Stored records:
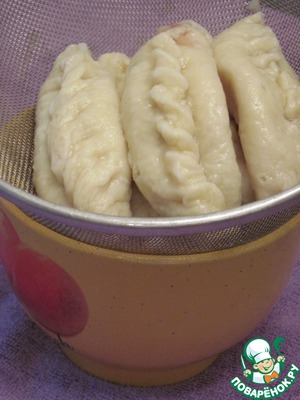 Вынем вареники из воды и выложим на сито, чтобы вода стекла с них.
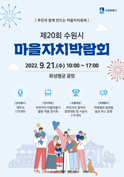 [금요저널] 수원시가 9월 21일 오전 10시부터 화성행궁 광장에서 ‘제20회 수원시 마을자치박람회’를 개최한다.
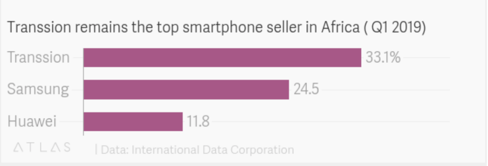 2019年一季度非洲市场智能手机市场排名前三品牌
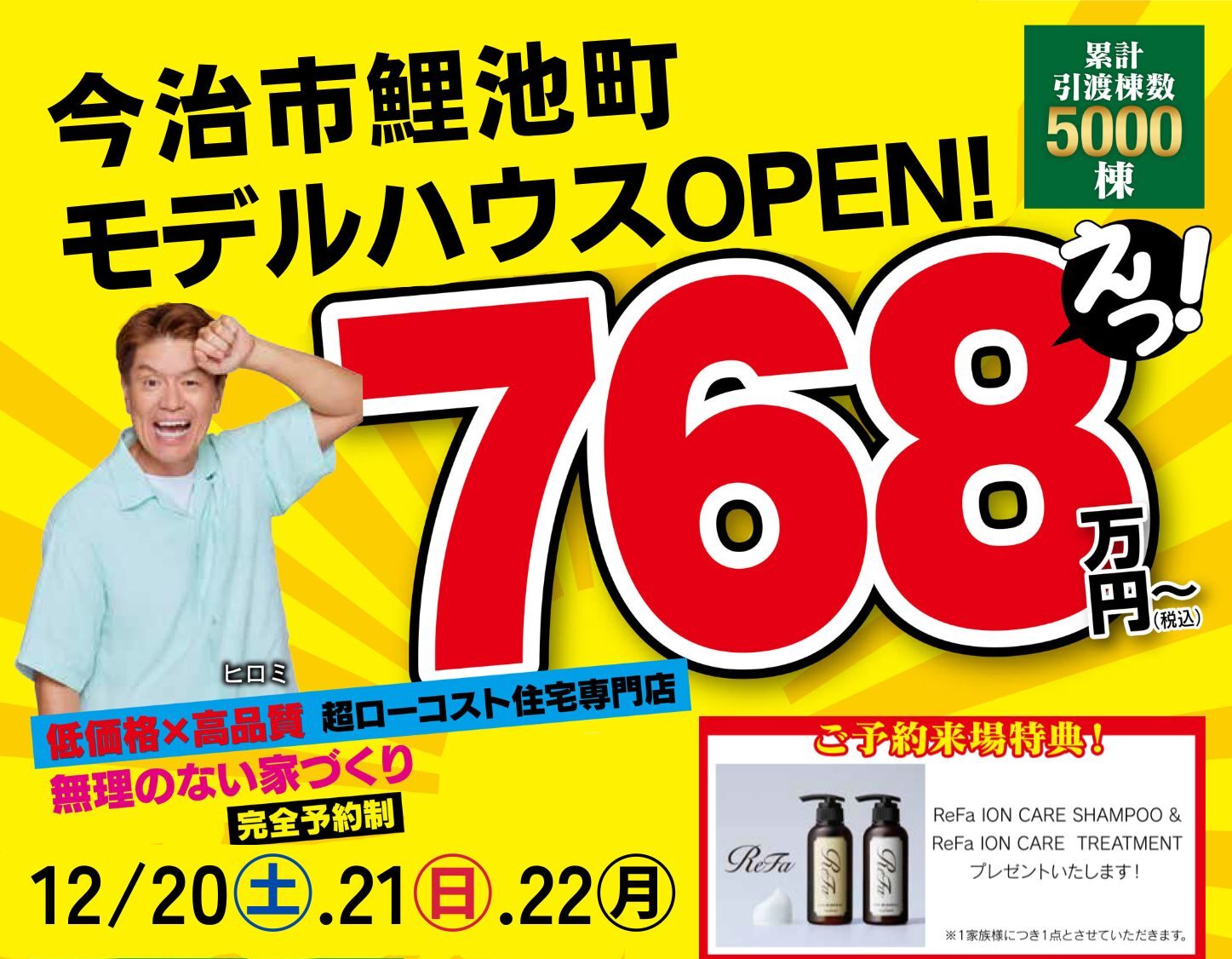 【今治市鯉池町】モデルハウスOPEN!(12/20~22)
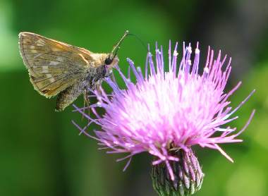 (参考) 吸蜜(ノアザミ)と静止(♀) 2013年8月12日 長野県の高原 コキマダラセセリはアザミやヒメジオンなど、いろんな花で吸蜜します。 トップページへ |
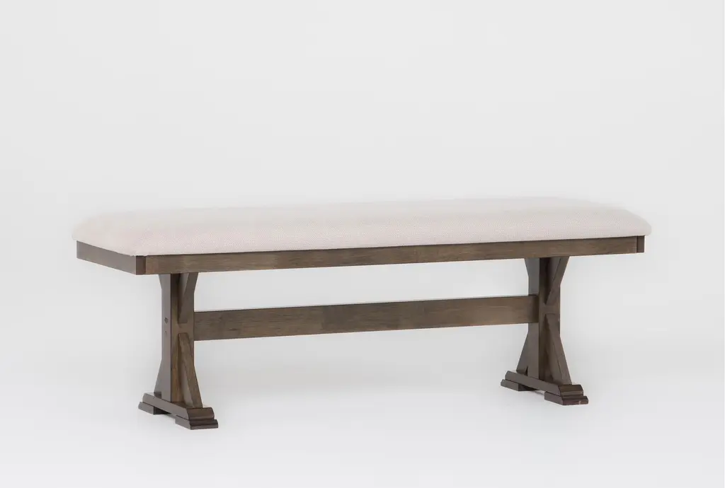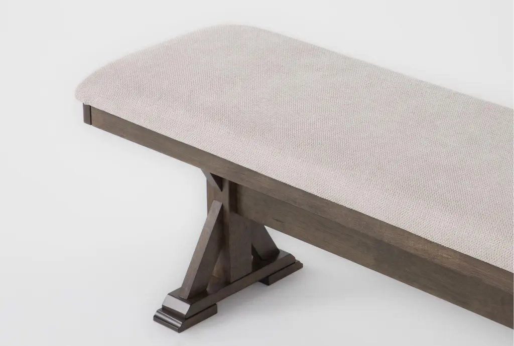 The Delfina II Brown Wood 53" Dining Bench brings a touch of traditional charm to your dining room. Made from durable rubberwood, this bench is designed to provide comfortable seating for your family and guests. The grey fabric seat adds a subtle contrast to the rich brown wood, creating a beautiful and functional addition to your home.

Activity: Repeat the exact lines from the first line of the data through the line containing "(参考) 吸蜜(ノアザミ)と静止(♀) 2013年8月12日". Nothing else, no pictures.

Result:
 Вынем вареники из воды и выложим на сито, чтобы вода стекла с них.
 [금요저널] 수원시가 9월 21일 오전 10시부터 화성행궁 광장에서 ‘제20회 수원시 마을자치박람회’를 개최한다.
 2019年一季度非洲市场智能手机市场排名前三品牌
 【今治市鯉池町】モデルハウスOPEN!(12/20~22)
 (参考) 吸蜜(ノアザミ)と静止(♀) 2013年8月12日 長野県の高原 コキマダラセセリはアザミやヒメジオンなど、いろんな花で吸蜜します。 トップページへ |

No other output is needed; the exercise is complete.